The new WHO STI Treatment Guidelines were released August 2016 after 3 years of a very complex process, this was the first update since 2003. The recommendations were mostly based on very low - low quality levels of evidence but resulted in 'Strong Recommendations' or 'Conditional Recommendations'. 

Target populations were based on the same as Australian target groups but I was surprised to see the adolescent group include 10 - 19 year olds compared to Australia's young people aged 15 - 24 year olds. 

N. Gonorrhoea 

Recommended treatment 

* 250mg ceftriaxone IMI + 1gm azithromycin oral stat

When asked why 250mg ceftriaxone IMI as opposed to 500mg ceftriaxone IMI as recommended in may developed countries including Australia, Prof Magnus Unemo explained that there were no adequate RCT to support the larger dose worked any better than the recommended. 

Also they advised a 'Strong Recommendation' for all neonate to receive prophylactic treatment for prevention of gonococcal and chlamydial ophthalmia neonatorum, a practice abandoned in Australia with no subsequent increase in occurrence of infection or childhood blindness.

C. Trachomatis

* Azithromycin or doxycycline remain the treatment of choice for CT

* Anogenital CT - treatment changed to 7/7 of doxycycline 100mg BD.                                                                       Australian STI Guidelines recommend 7/7 of doxycycline 100mg BD if asymptomatic and 21/7 if symptomatic

Prof. Nicola Low advocated that the doxycycline regime of 7/7 of treatment still cures CT as well as if not better than azithromycin even if the course is not completed in non compliant people. 

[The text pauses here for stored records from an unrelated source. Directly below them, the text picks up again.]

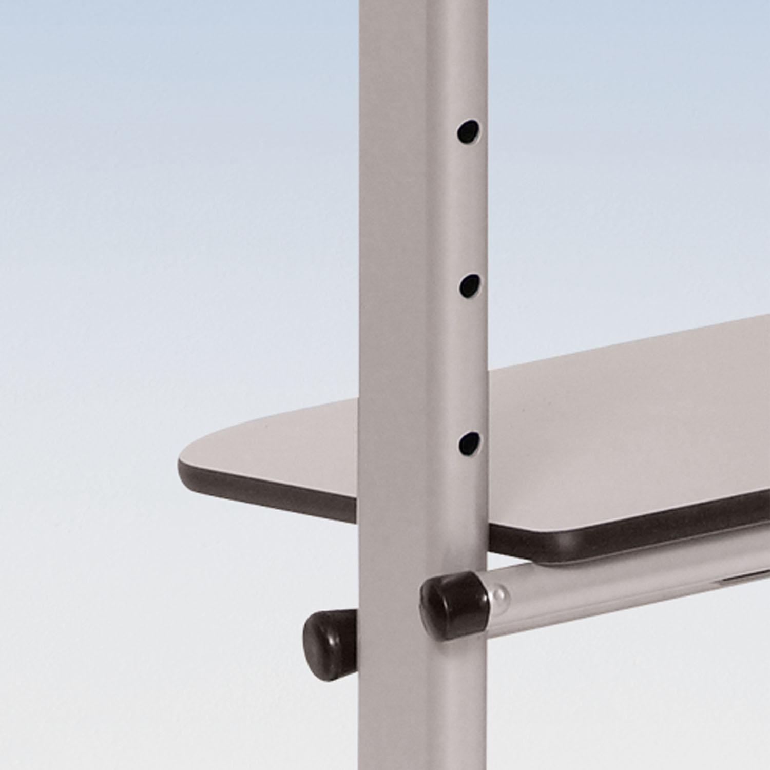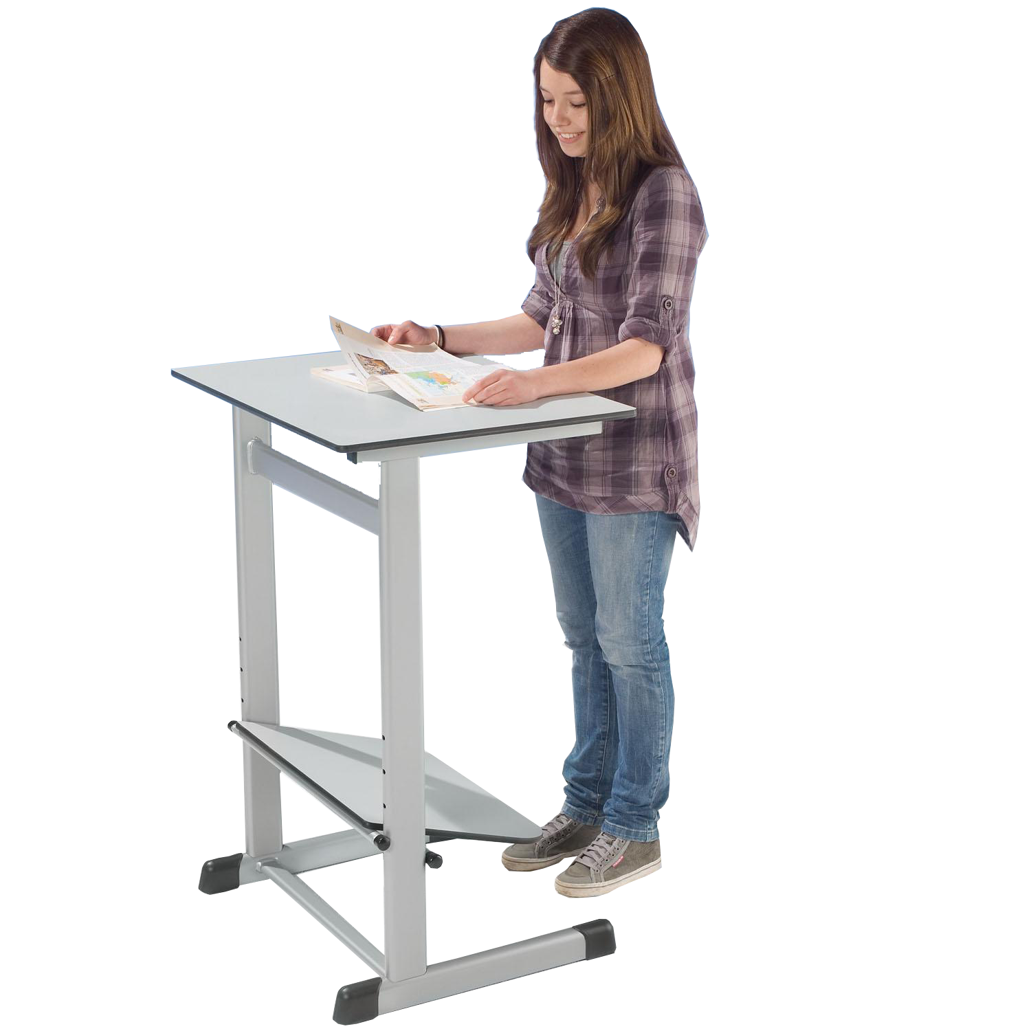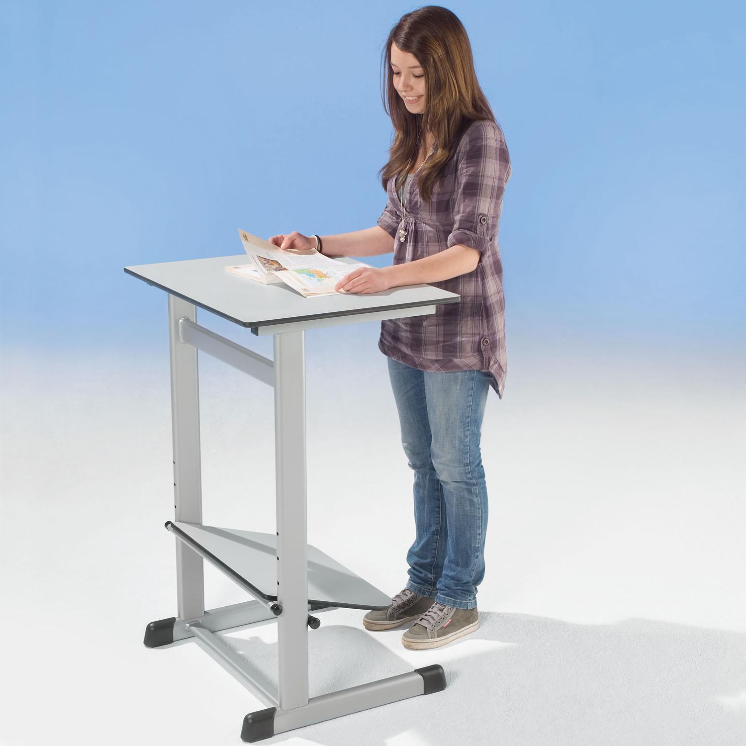 Gezond werken met een mentaliteitsverandering! Onze leerlingtafel met in hoogte verstelbare voetensteun is zowel zittend als staand te gebruiken. De tafel staat op een kunststof gepoedercoat sledeframe met trapbeschermkappen, die optioneel verkrijgbaar zijn met viltglijders (FG-ST). voetsteunhoogtes: 22/34 cm; 28/40cm; 34/46cm; 40/52cm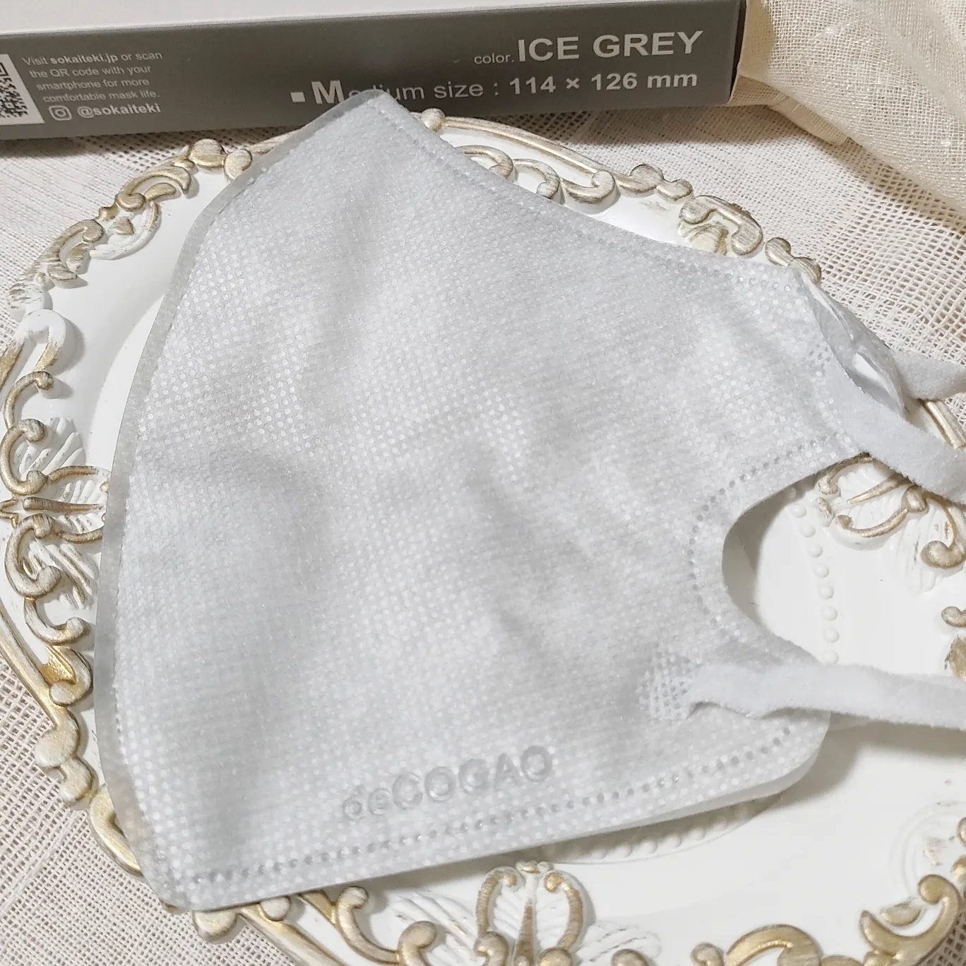 可愛いマスクを求めて、『deCOGAO』デコ顔のアイスグレーを使い始めました。 PFE・ VFE・ BFE 99.9%...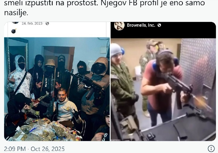 На неговиот профил на социјалните мрежи може да се видат фотографии со автоматски пушки, како и опседнатост со оружје и брзи автомобили. На една од фотографиите се гледаат позлатени автоматски пушти од марката Калашников.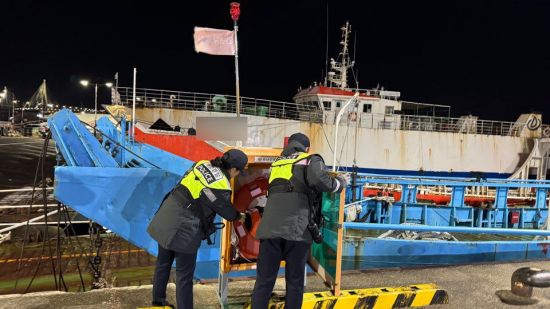 목포해경이 기상악화에 대비해 인명구조함을 점검하고 있다. 목포해경 제공 |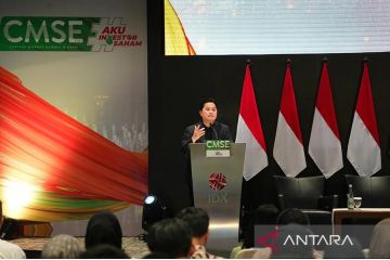 Menteri BUMN Erick Thohir menyampaikan pidato dalam acara Inspirational Talk: “Berinvestasi untuk Berprestasi” yang merupakan bagian dari Capital Market Summit & Expo 2023 di BEI, Jakarta, Sabtu (28/10/2023). Acara tersebut hasil kerja sama Yayasan Bakti Sepak Bola Indonesia dan Bursa Efek Indonesia dan turut dihadiri oleh atlet mantan timnas sepak bola, Irfan Bachdim dan Ismed Sofyan. ANTARA FOTO/HO/foc.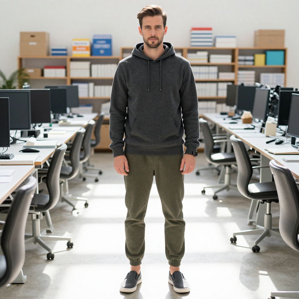 Photograph of a young Caucasian man with short brown hair and a trimmed beard standing in the center of a brightly lit office. He wears a dark gray hooded sweatshirt, olive green joggers, and black sneakers with white soles. The office has multiple desks with monitors, black office chairs, and storage shelves with colorful binders in the background. The floor is polished concrete, and the overall scene is well-organized and modern. The man stands with a neutral expression, his hands relaxed by his sides, and the lighting highlights him against the background.

* There is no evidence that repeating or lengthening the course of treatment is any more effective. 

Syphilis

* Nothing has changed in Rx recommendations for syphilis

* There is very low quality evidence to support the recommended treatment

* Treatment is based on 70 years of successful treatment.

I enjoyed Dr Francis Ndowa's analogy that there were no RCT proving the use of parachutes when jumping out of a plane greatly improved survival over not using one, so proving benzathine penicillin successfully treated syphilis didnt require RCT. 

* There is a pending global shortage of benzathine penicillin so alternatives include

        * doxycycline, ceftriaxone and in special circumstances azithromycin 

Genital Herpes

The only change recommendation for treatment is to increase treatment of the first outbreak of genital herpes to 10 days as most first outbreaks are prolonged.